This study explores the temporalities of the representation of the postmemory generation on "comfort women". "Comfort women" is the euphemistic term to refer victims from all over the Asia and the Netherlands who were forced to do sexual service for soldiers and civilians attached to the military in a battlefield, occupied territory and an army post from the first Shanghai Incident in 1932 to the defeat of Japan in 1945. After coming out of Kim, Hak Soon who was former "comfort women" in 1991 in Korea, it has become "transnational memory" such as Holocaust and Hiroshima. It means that the memory regarding these tragedies does not anymore limit to those who perpetrated or endured directly but belong to all who lived the world after the war.
Visual representation has been one of the most influential media to make this issue as transnational memory. In the 1990s and 2000s, it was documentary films based on victims' oral statement that did a vital role to make this issue global. In the 2010s, visual representation on "comfort women" has become diversified. Several feature films were made, and documentary film focused on the current political situation surrounding the issue rather than victims' experience was produced.

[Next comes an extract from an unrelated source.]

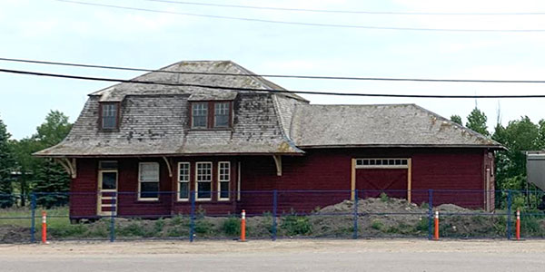 Former Canadian Pacific Railway station from La Riviere at Manitou (June 2023)

This study analysed the chronopolitics of two films among recently made ones. One is a feature film titled I Can Speak (2017, Korea, Director: Kim, Hyun-Suk) and the other is a documentary titled The Main Battleground (2018, USA, Japan and Korea, Director: Miki Dezaki). Both of two films intriguingly dealt with the entanglement of colonialism and Cold-War regime over "comfort women" issue from the viewpoint of the generation who had not experienced sexual exploration during the war. The Cold-War regime still influences East Asia, unlike Europe, and it is the main reason why reconciliation over the past is still impossible in this region. This study will show how multiple layered temporalities that have formed current "comfort women" issue are pictured and what implies regarding the chronopolitics in the representation of post-memory on "comfort women."